I'd also recommend against Yacc. As others have said, it's a great tool and very powerful but a recursive descent parser will do the job 99% of the time and will be much easier. Writing a good unambiguous grammar for Yacc can be tricky and is much more difficult to debug than a recursive descent parser. A lot of languages now have "parser combinator" libraries which make it even easier to write a recursive descent parser. I'd do a google search to see if there's one available for your programming language of choice. Unfortunately I don't have any tutorial recommendations I still have my compiler textbook from university (which is probably way more information than you need) so I haven't personally needed the sort of tutorial you're looking for. On the other hand (and no promises), I've been trying to start a blog so if you can't find a good tutorial on recursive descent parsing let me know and I *might* find the time to write one myself. Matt Gordon On Sun, Sep 16, 2018 at 1:47 PM D. Hugh Redelmeier via talk <talk@gtalug.org> wrote:
Ater advising against YACC, I thought I should promote it a bit.

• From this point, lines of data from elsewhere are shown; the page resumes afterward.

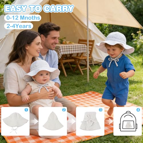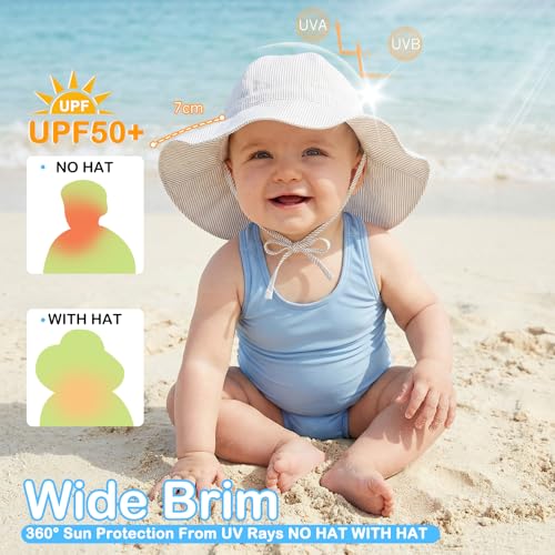 Zando UPF 50+ Baby Sun Hat for Baby Girl Boy 0-4T – Wide Brim Toddler Bucket Hat Adjustable Strap Infant Hats for Outdoor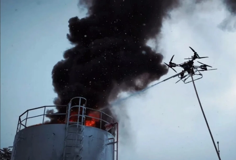 В департаменте информполитики региона сообщили, что аппарат поднялся на высоту 12 м, провел тепловизионную разведку и подал огнетушащее вещество в очаг горения. Испытания проводили в связке с наземной установкой компрессионной пены. Комплекс разворачивается всего за 5–10 минут, и полная ликвидация возгорания заняла 3,5 минуты.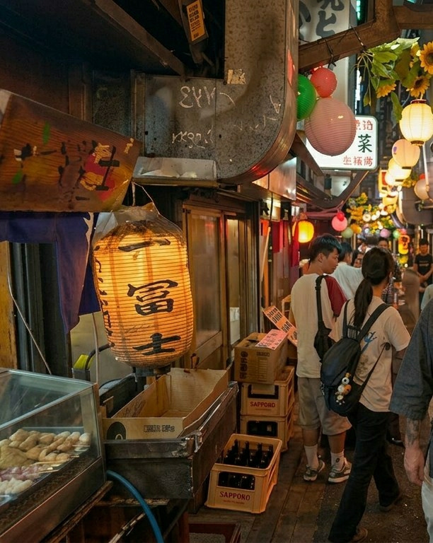 The image presents a narrow, illuminated commercial alleyway in Shinjuku, Japan, indicative of a bustling evening street scene. The ground is composed of dark, worn planks. In the left foreground, a glass display case contains multiple skewers of various food items. Above this, a large, glowing cylindrical paper lantern hangs, displaying the Japanese kanji "富士" (Fuji). To its left, a rectangular wooden sign with painted Japanese characters and designs is mounted overhead. A blue hose is visible near the bottom of the display case. The midground features several individuals. A person with dark hair in a ponytail, wearing a light t-shirt, dark trousers, and a black backpack adorned with small figures, walks away from the viewer towards the right. To their left, a male in a white t-shirt with red trim, light shorts, and a black fanny pack stands facing left. Behind them, stacks of beige plastic crates, many marked "SAPPORO" and containing brown glass bottles, are arranged alongside cardboard boxes. Overhead, a prominent curved metallic ventilation duct with graffiti, including "ΣΨM" and "YK997", runs along the top of the scene. Further into the alley, numerous spherical paper lanterns in green, red, pink, and white hues are suspended. A white rectangular sign with vertical Japanese characters, notably "菜", is visible, accompanied by artificial yellow sunflowers or similar floral decorations. The background shows additional blurred figures, indicating pedestrian activity deeper within the brightly lit alley. A person in a gray jacket with a visible tattooed arm is partially seen in the immediate right foreground, moving rightward. | Open Wire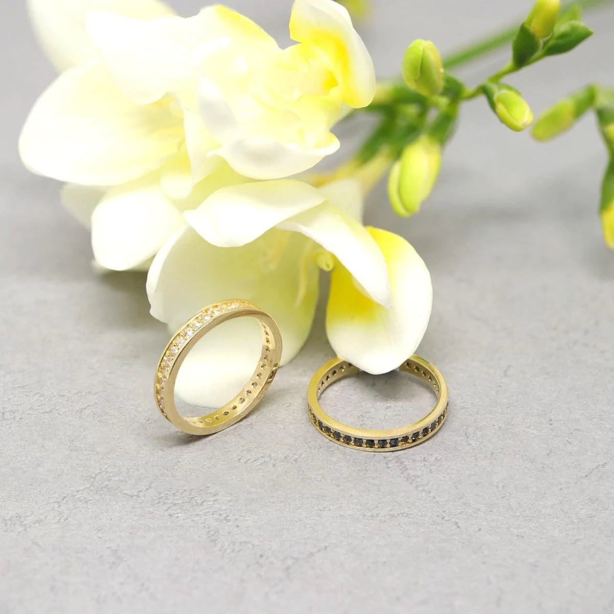 Inel Aur 14k Eternity cu Pietre Negre 3 mm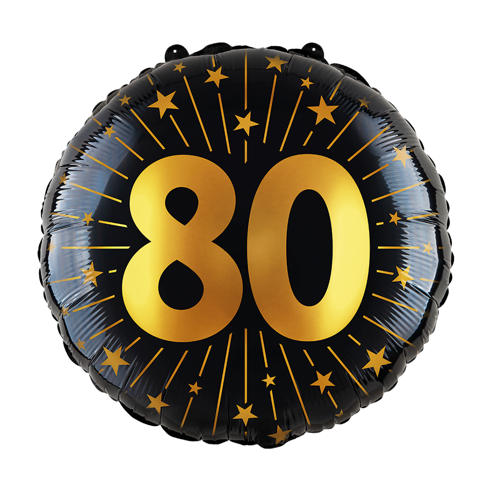 De folieballon is voorzien van het cijfer 80 in een zwart-goud ontwerp en kan eenvoudig worden gevuld met helium of lucht. Hang hem los in de ruimte, gebruik hem als tafeldecoratie of combineer meerdere ballonnen voor een feestelijk geheel.

YACC uses a formal declarative system for specifying a language grammar (Backus-Naur Form). This has a number of nice features:
- BNF is very well described and extensively used in the literature
- it was invented to describe the programming language Algol 60. That document is one of the classics of computer science and is still a must-read. Here's a copy: <https://www.masswerk.at/algol60/report.htm>
- many bastardizations of BNF have been used. The real thing is better than most of its successors.
- a BNF grammar is a context-free grammar (Chomsky's term. Yes, that Noam Chomsky)
- if a grammar is ambiguous, YACC will tell you. Not at runtime but at table-building time. This is really really useful because it is very easy to inadvertently create an ambiguous grammar -- generally a Bad Thing. Informal recursive descent parsers never detect such problems.
This feature is especially useful for those still learning about language design.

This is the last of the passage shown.